* Exercise objective *
An acceptable answer repeats exactly the line containing "VULKIT Pop up" and all lines that follow it in the listing below, and it includes no pictures.

* Dataset excerpt *
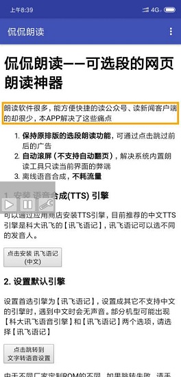 3.自动滚屏(不支持自动翻页),解决系统内置朗读工具只读当前界面的弊端。智能调节滚屏速度,完美匹配语音播报节奏。支持手动暂停和继续,让您完全掌控阅读进度。
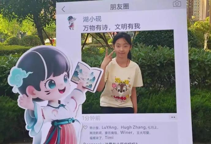 “砚砚子,看这里!”孩子们争相与她合影,而这位“00后国风少女”早已不仅是卡通形象——她是社区的新晋“顶流”,是居民群里的表情包霸主,更是滨湖社区“书香共享、文明共育”理念的鲜活代言人。
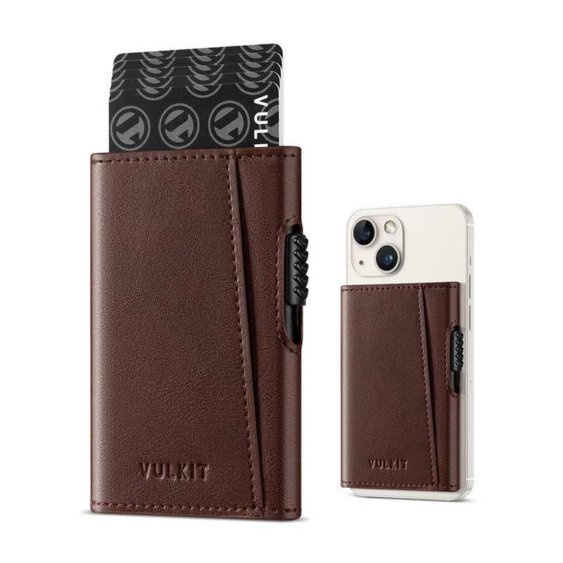 VULKIT Pop up Card Wallet RFID Blocking Slim Aluminum Metal Bank Card Holder Case with Business Money Pocket for Credit Cards Notes and Coins (Espresso)
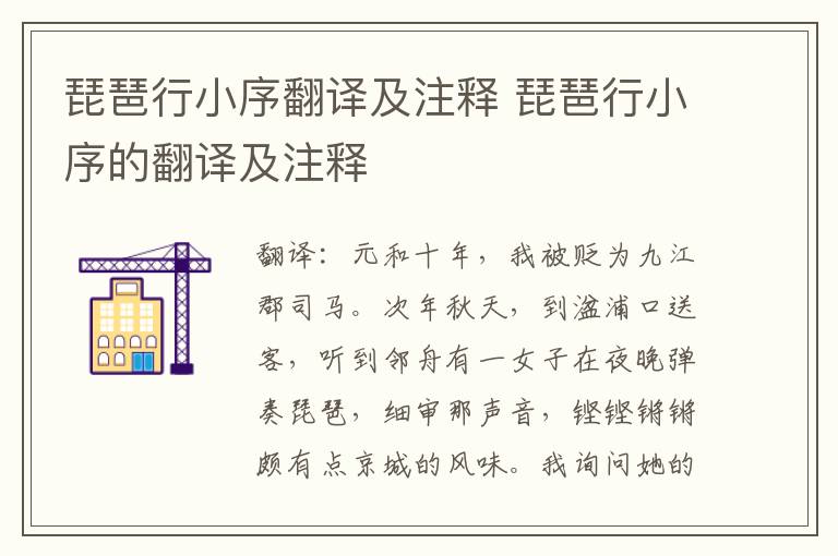 元和十年,予左迁九江郡司马。明年秋,送客湓浦口,闻舟中夜弹琵琶者,听其音,铮铮然有京都声。问其人,本长安倡女,尝学琵琶于穆、曹二善才,年长色衰,委身为贾人妇。遂命酒,使快弹数曲。曲罢悯然,自叙少小时欢乐事,今漂沦憔悴,转徙于江湖间。予出官二年,恬然自安,感斯人言,是夕始觉有迁谪意。因为长句,歌以赠之,凡六百一十二言,命曰《琵琶行》。

* The answer *
 VULKIT Pop up Card Wallet RFID Blocking Slim Aluminum Metal Bank Card Holder Case with Business Money Pocket for Credit Cards Notes and Coins (Espresso)
 元和十年,予左迁九江郡司马。明年秋,送客湓浦口,闻舟中夜弹琵琶者,听其音,铮铮然有京都声。问其人,本长安倡女,尝学琵琶于穆、曹二善才,年长色衰,委身为贾人妇。遂命酒,使快弹数曲。曲罢悯然,自叙少小时欢乐事,今漂沦憔悴,转徙于江湖间。予出官二年,恬然自安,感斯人言,是夕始觉有迁谪意。因为长句,歌以赠之,凡六百一十二言,命曰《琵琶行》。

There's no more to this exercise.